→ **Task description**: Quote the material exactly from the line that contains "Liquidity sweep terjadi" through its last line. Any pictures are to be left out.

→ **Information supplied**:

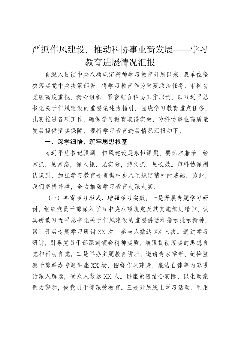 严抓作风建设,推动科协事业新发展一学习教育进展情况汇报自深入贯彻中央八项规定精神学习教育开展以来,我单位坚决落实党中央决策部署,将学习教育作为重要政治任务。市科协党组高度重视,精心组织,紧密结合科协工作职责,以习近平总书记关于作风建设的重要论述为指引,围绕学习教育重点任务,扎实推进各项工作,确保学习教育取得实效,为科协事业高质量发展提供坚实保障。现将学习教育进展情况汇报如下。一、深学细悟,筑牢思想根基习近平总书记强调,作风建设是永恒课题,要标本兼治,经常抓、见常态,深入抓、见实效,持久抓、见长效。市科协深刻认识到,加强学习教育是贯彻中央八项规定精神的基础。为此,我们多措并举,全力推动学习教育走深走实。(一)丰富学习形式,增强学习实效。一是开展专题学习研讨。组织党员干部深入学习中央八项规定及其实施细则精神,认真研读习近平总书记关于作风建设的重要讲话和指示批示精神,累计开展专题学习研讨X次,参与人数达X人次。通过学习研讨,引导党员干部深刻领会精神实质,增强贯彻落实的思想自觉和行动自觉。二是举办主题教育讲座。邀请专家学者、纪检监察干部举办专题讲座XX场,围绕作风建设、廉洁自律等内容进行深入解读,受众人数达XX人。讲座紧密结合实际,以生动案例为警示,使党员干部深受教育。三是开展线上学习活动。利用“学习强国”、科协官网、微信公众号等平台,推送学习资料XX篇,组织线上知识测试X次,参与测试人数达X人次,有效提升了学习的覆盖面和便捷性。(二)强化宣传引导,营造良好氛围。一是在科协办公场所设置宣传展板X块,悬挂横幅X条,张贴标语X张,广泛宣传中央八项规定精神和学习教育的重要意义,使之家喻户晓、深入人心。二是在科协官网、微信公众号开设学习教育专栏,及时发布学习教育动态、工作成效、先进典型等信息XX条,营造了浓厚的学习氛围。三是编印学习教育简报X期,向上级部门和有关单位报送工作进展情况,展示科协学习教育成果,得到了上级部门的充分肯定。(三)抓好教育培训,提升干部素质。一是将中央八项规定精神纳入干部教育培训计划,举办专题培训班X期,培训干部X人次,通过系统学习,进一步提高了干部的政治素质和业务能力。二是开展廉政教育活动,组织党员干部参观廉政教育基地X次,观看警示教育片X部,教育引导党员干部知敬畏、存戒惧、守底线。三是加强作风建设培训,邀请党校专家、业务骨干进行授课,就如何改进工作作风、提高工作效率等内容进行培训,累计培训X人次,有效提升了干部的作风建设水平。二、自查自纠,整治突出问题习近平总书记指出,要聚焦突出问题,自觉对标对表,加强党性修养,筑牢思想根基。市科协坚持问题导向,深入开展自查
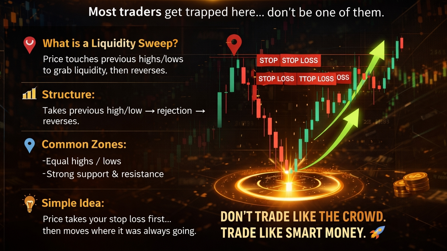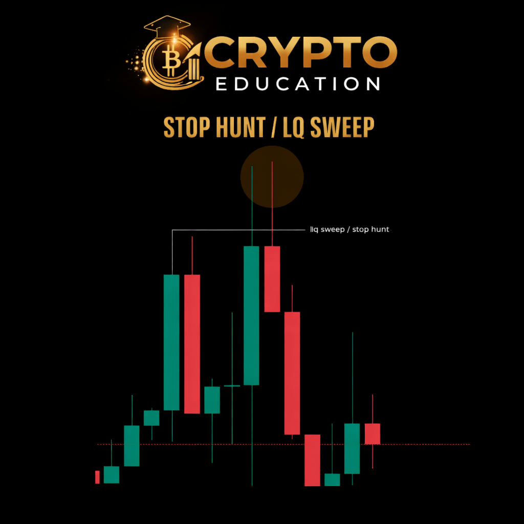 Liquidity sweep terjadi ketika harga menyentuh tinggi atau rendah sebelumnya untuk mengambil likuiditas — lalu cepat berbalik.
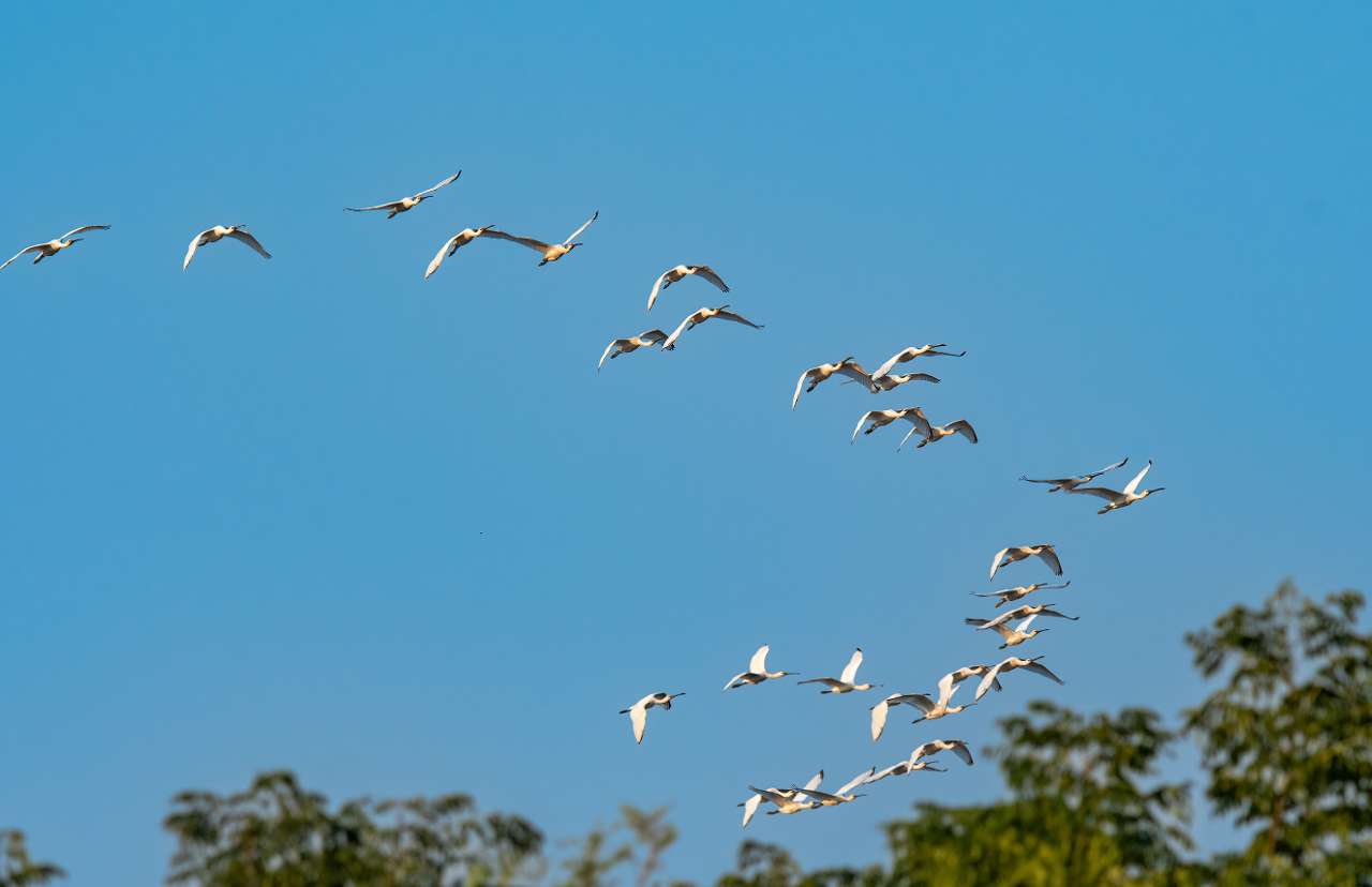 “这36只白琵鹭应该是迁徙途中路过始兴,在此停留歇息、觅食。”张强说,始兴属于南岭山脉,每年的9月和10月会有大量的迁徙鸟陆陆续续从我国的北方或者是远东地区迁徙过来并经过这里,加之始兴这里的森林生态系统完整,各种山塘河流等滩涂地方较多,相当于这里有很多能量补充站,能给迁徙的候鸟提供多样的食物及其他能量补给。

→ **Exercise solution**:
 Liquidity sweep terjadi ketika harga menyentuh tinggi atau rendah sebelumnya untuk mengambil likuiditas — lalu cepat berbalik.
 “这36只白琵鹭应该是迁徙途中路过始兴,在此停留歇息、觅食。”张强说,始兴属于南岭山脉,每年的9月和10月会有大量的迁徙鸟陆陆续续从我国的北方或者是远东地区迁徙过来并经过这里,加之始兴这里的森林生态系统完整,各种山塘河流等滩涂地方较多,相当于这里有很多能量补充站,能给迁徙的候鸟提供多样的食物及其他能量补给。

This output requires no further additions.